Today was the first day of this winter with a bit of snow cover on the ground. I therefore decided to spend an extended lunch break at the Arb - again - which proved to be an excellent idea - again.
It has been a while since I saw that many birds at the Arb. Sure, the snow made it much easier to locate ground-dwelling species, but I suppose it was more the slippery than the optical aspect of it that made it so rewarding: no joggers and no one to walk his dog, I was basically alone! I was also delighted to find that there are bird feeders on three properties that can be viewed from the park and I could already smell the Golden-crowned and Harris' Sparrows.
Fine, no rarities today, but a very neat selection of basically all the birds one might hope to see at this time of the year in a downtown park.
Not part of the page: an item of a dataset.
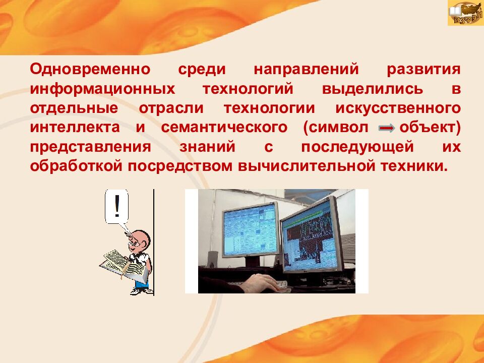 Одновременно среди направлений развития информационных технологий выделились в отдельные отрасли технологии искусственного интеллекта и семантического (символ объект) представления знаний с последующей их обработкой посредством вычислительной техники.
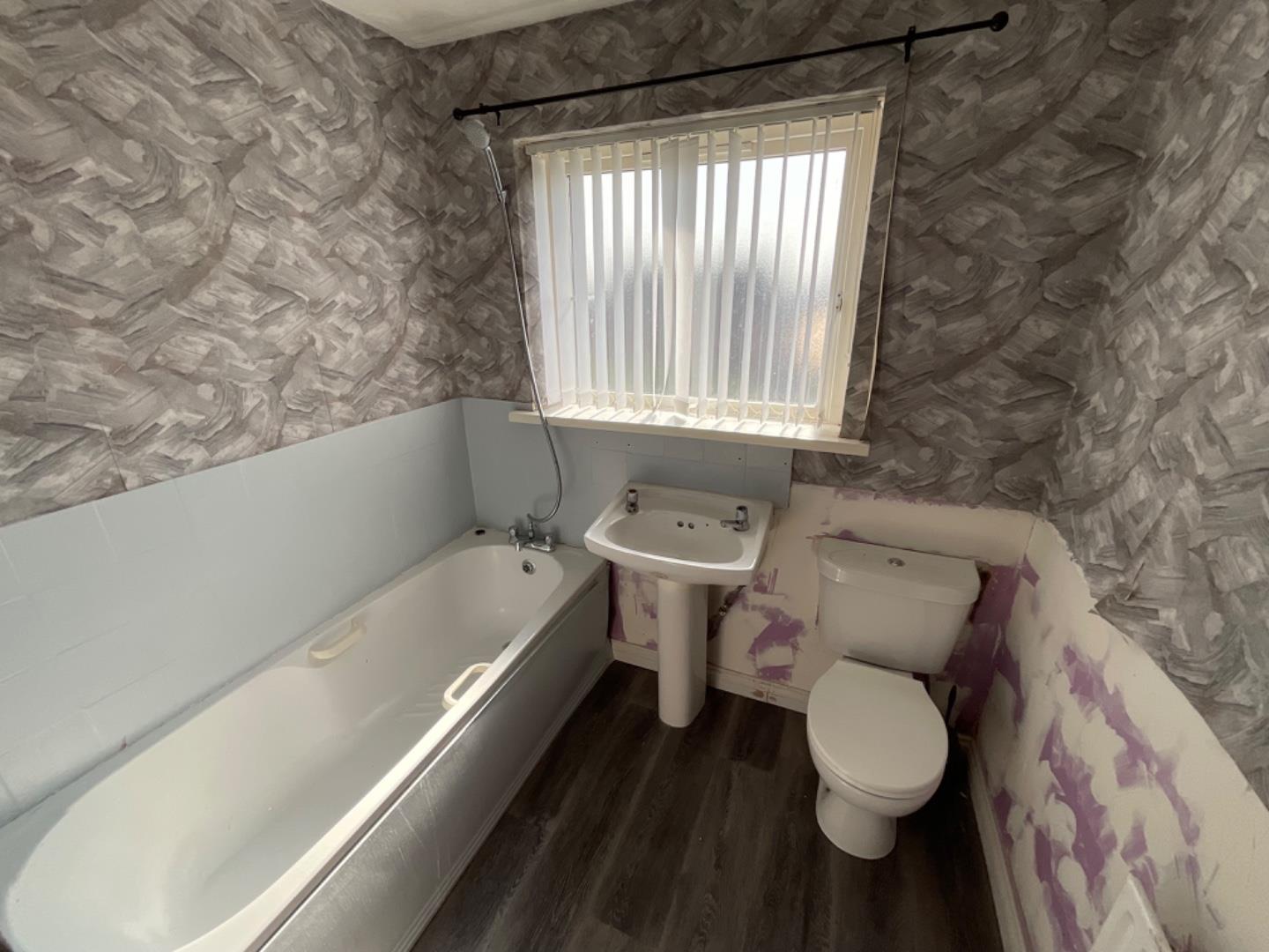Classic white bathroom suite including low flush WC, pedestal wash hand basin and panelled bath, vinyl flooring, panelled radiator

Personal highlights were a Brown Creeper, a large flock of over 80 American Robins, killer views at American Tree Sparrows, Carolina Wrens and a single Hermit Thrush.
But then I saw something that made my heart skip a few beats and brought back a memory from almost 20 years ago: an adult male Northern Cardinal sitting in a snow-covered bush.

I suppose looking back, every birder has a selection of observations that have somehow changed their way of looking at their hobby, some landmark encounters with birds or adventures connected to birding that pop up immediately when asked: what was your most memorable bird observation ever?
I am lucky that I got to travel quite a bit, and there were some birding days in my life or single observations that stand out clearly as some of the best moments of my life: watching thousands of Albatrosses on a pelagic tour off Cape Town, finding Black Stilts in New Zealand, standing one foot besides a wild Kiwi probing the forest floor for earthworms, a Bearded Vulture that flew right above me in the Spanish Pyrenees, one morning on the Baltic Sea coast when we counted 120.000 Greater White-fronted Geese at their roost and - maybe a bit surprisingly - a single Northern Cardinal.
When I was 16 years old I spent a year in a small town in Ontario, Canada on a school exchange. One of these winter mornings I got up, went to the bath room and when I looked out of our small bathroom window, there was this single male Northern Cardinal sitting on top of the conifer hedge right in front of the window, maybe a metre away and wouldn't move. I watched it for at least 5 minutes and the combination of colours, the dark green of the hedge row, the white of the snow and the bird's vivid red plumage felt to me like the most beautiful sight I had ever seen. I was completely amazed and speechless. Surely, I had seen a few Northern Cardinals before that encounter, although they weren't as common then as they are now - but I had somehow always failed to notice the immense beauty of the birds.
Since then, I've had many more encounters with Northern Cardinals, especially in May 2005, but none of these encounters could rival the one from back then.
Until today.
Maybe winter isn't all that bad after all.